Storage media and RNA extraction approaches substantially influence the recovery and integrity of livestock fecal microbial RNA

Abstract

Background: There is growing interest in understanding gut microbiome dynamics, to increase the sustainability of livestock production systems and to better understand the dynamics that regulate antibiotic resistance genes (i.e., the resistome). High-throughput sequencing of RNA transcripts (RNA-seq) from microbial communities (metatranscriptome) allows an unprecedented opportunity to analyze the functional and taxonomical dynamics of the expressed microbiome and emerges as a highly informative approach. However, the isolation and preservation of high-quality RNA from livestock fecal samples remains highly challenging. This study aimed to determine the impact of the various sample storage and RNA extraction strategies on the recovery and integrity of microbial RNA extracted from selected livestock (chicken and pig) fecal samples.

Methods: Fecal samples from pigs and chicken were collected from conventional slaughterhouses. Two different storage buffers were used at two different storage temperatures. The extraction of total RNA was done using four different commercially available kits and RNA integrity/quality and concentration were measured using a Bioanalyzer 2100 system with RNA 6000 Nano kit (Agilent, Santa Clara, CA, USA). In addition, RT-qPCR was used to assess bacterial RNA quality and the level of host RNA contamination.

Results: The quantity and quality of RNA differed by sample type (i.e., either pig or chicken) and most significantly by the extraction kit, with differences in the extraction method resulting in the least variability in pig feces samples and the most variability in chicken feces. Considering a tradeoff between the RNA yield and the RNA integrity and at the same time minimizing the amount of host RNA in the sample, a combination of storing the fecal samples in RNALater at either 4 °C (for 24 h) or -80 °C (up to 2 weeks) with extraction with PM kit (RNEasy Power Microbiome Kit) had the best performance for both chicken and pig samples.

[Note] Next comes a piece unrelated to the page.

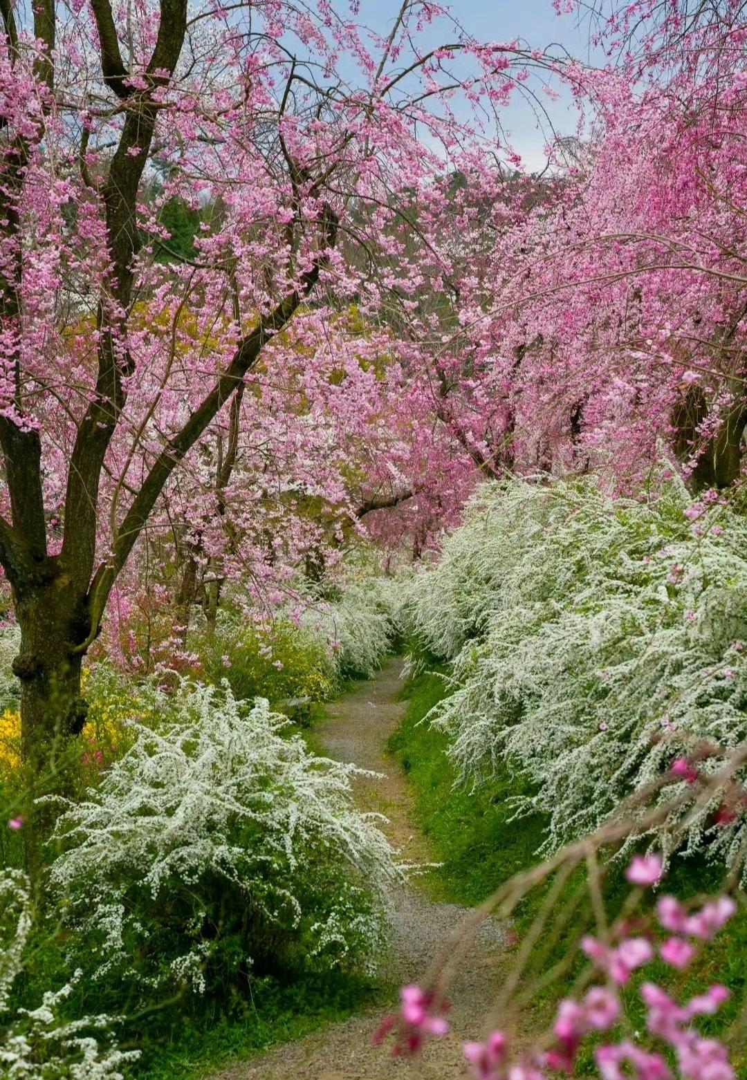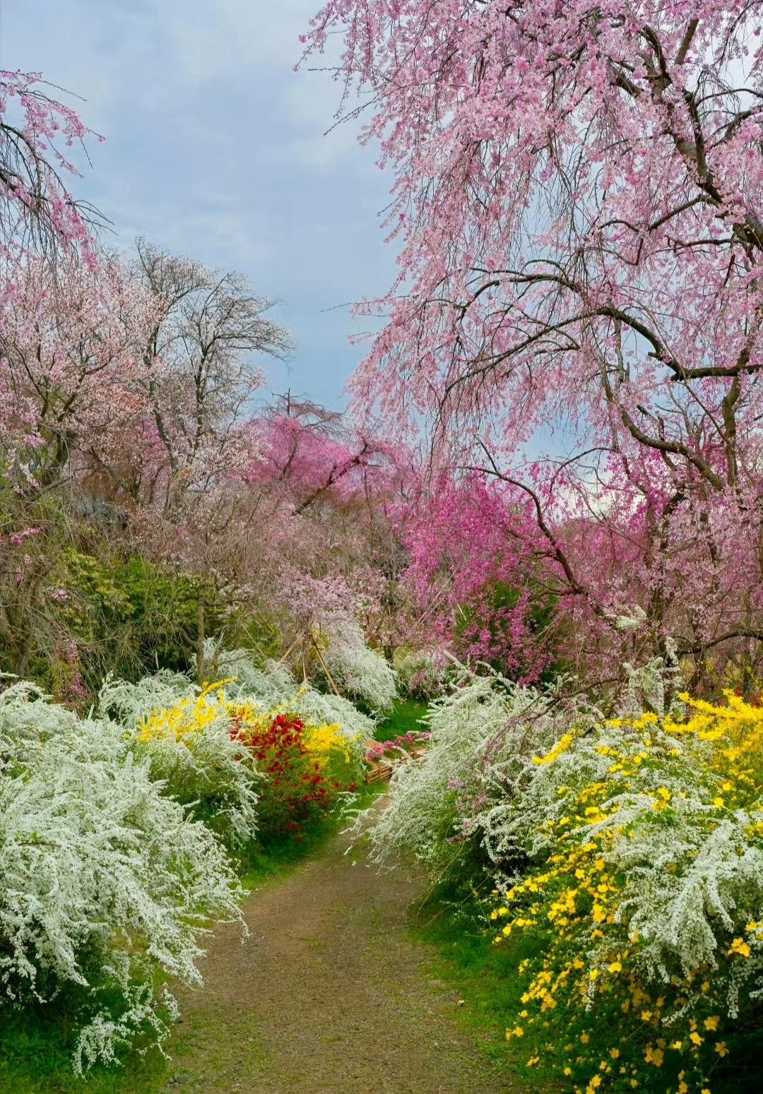 调色盘打翻在四月的春风里, 漫山的粉樱、雪柳与金盏花,揉碎了一整个春天的温柔。 原来所谓的人间四月天,从来都藏在这片被花树拥抱着的风里。
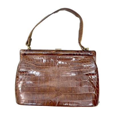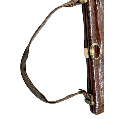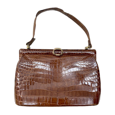 The rich, warm brown crocodile leather showcases authentic texture and patina that only genuine vintage pieces possess, while the iconic top handle design offers effortless elegance and practicality.

Conclusion: Our findings provided a further emphasis on using a consistent methodology for sample storage, duration as well as a compatible RNA extraction approach. This is crucial as the impact of these technical steps can be potentially large compared with the real biological variability to be explained in microbiome and resistome studies.

Keywords: Chicken feces; Livestock microbiome; Metatranscriptomics; Pig feces; RNA-extraction; RT-qPCR; Sample storage.

Figure 1. Total RNA yield.

Total RNA yield obtained from chicken feces (A) and pig feces (B) using four different RNA extraction kits (MN, NO, PM, ZY), two different stabilization kits (RL and ZM), and two different storage temperatures (4 °C and −80 °C). Boxplots represent triplicate values, the median is indicated by a horizontal line within the box. Significant differences were tested with the Kruskal–Wallis paired t-test, *P < 0.05, **P < 0.01, ***P < 0.001, and ****P < 0.0001.

Figure 2. Total RNA integrity.

Total RNA integrity in samples obtained from chicken feces (A) and pig feces (B) using four different RNA extraction kits (MN, NO, PM, ZY), two different stabilization kits (RL and ZM), and two different storage temperatures (4 °C and −80 °C). Boxplots represent triplicate values, the median is indicated by a horizontal line within the box. Significant differences were tested with the Kruskal–Wallis paired t-test, *P < 0.05, **P < 0.01, ***P < 0.001, and ****P < 0.0001.

Figure 3. RT-qPCR data of 16S rRNA and RPL32 gene transcript RNA from all the extracted RNA samples.

Bacterial 16S and RPL32 gene transcripts from chicken and pig were measured by RT-qPCR in chicken feces (A) and pig feces (B) using four different RNA extraction kits (MN, NO, PM, ZY), two different stabilization kits (RL and ZM), and two different storage temperatures (4 °C and −80 °C); In box plots, gray and yellow colored bars represent 16s rRNA and RPL32 gene transcripts, respectively.